Fritz von Diederichs

Fritz von Diederichs (* 25. Oktober 1805 in Posen; † 3. Dezember 1888 in Berlin; vollständiger Name: Friedrich Ferdinand Alexander von Diederichs) war ein deutscher Jurist, hochrangiger preußischer Verwaltungsbeamter und Mitglied des Deutschen Reichstags.

Leben

Diederichs besuchte das Werdersche und Friedrich-Wilhelms-Gymnasium in Berlin und das Pädagogium in Halle (Saale). 1828 wurde er Auskultator am Berliner Stadtgericht. Später war er in der Verwaltung bei der Bezirksregierung in Köln, der Bezirksregierung Düsseldorf und als Regierungsrat bei der Bezirksregierung Minden und bei der Bezirksregierung Potsdam. 1858 wurde er im Rang eines Oberregierungsrats Abteilungsdirektor für Kirchen- und Schulwesen bei der Potsdamer Bezirksregierung. 1861 war er Referent über die Schwerinsche Kreisordnung, von 1862 bis 1866 Vorsitzender der Gemeindekommission. 1863 wurde er zur Bezirksregierung Marienwerder versetzt und war dort Dirigent der Regierungsabteilung für Kirchen- und Schulwesen.

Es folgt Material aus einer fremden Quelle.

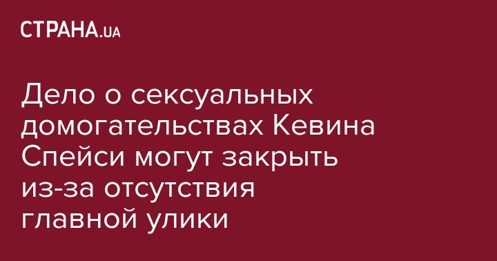 В США могут закрыть дело против обвиняемого в сексуальных домогательствах актера Кевина Спейси из-за отсутствия главой улики. Об этом сообщает телеканал CNN.

Von 1858 bis 1866 und nochmals von 1873 bis 1876 war er Mitglied des Preußischen Abgeordnetenhauses (zuerst in der Fraktion Vincke, dann in der gemäßigt liberalen Fraktion Grabow, zuletzt im linken Zentrum).[1][2] Zwischen 1874 und 1877 war er Mitglied des Deutschen Reichstags für die Nationalliberale Partei und den Wahlkreis Regierungsbezirk Potsdam 9 (Zauch-Belzig, Jüterbog-Luckenwalde).[3]

Siehe auch

Literatur

  • Hermann Kalkoff (Hrsg.): Nationalliberale Parlamentarier 1867–1917 des Reichstages und der Einzellandtage. Schriftenvertriebsstelle der nationalliberalen Partei Deutschlands, Berlin 1917.
  • Bernhard Mann (Bearb.; unter Mitarbeit von Martin Doerry, Cornelia Rauh, Thomas Kühne): Biographisches Handbuch für das Preußische Abgeordnetenhaus 1867–1918. (= Handbücher zur Geschichte des Parlamentarismus und der politischen Parteien, Band 3.) Droste, Düsseldorf 1988, ISBN 3-7700-5146-7, S. 106.
  • Bernd Haunfelder: Biographisches Handbuch für das Preußische Abgeordnetenhaus 1849–1867. (= Handbücher zur Geschichte des Parlamentarismus und der politischen Parteien, Band 5.) Droste, Düsseldorf 1994, ISBN 3-7700-5181-5, S. #.

Einzelnachweise

  1. Biographisches Handbuch für das Preußische Abgeordnetenhaus 1867–1918. (vergleiche Literatur)
  2. Thomas Kühne: Handbuch der Wahlen zum Preußischen Abgeordnetenhaus 1867–1918. Wahlergebnisse, Wahlbündnisse und Wahlkandidaten. (= Handbücher zur Geschichte des Parlamentarismus und der politischen Parteien, Band 6.) Droste, Düsseldorf 1994, ISBN 3-7700-5182-3, S. 198–202.
  3. Fritz Specht, Paul Schwabe: Die Reichstagswahlen von 1867 bis 1907. Eine Statistik der Reichstagswahlen nebst den Programmen der Parteien und einem Verzeichnis der gewählten Abgeordneten. Nachtrag, Die Reichstagswahl von 1907 (12. Legislaturperiode). 2. durch einen Anhang ergänzte Auflage, Verlag Carl Heymann, Berlin 1908, S. 36.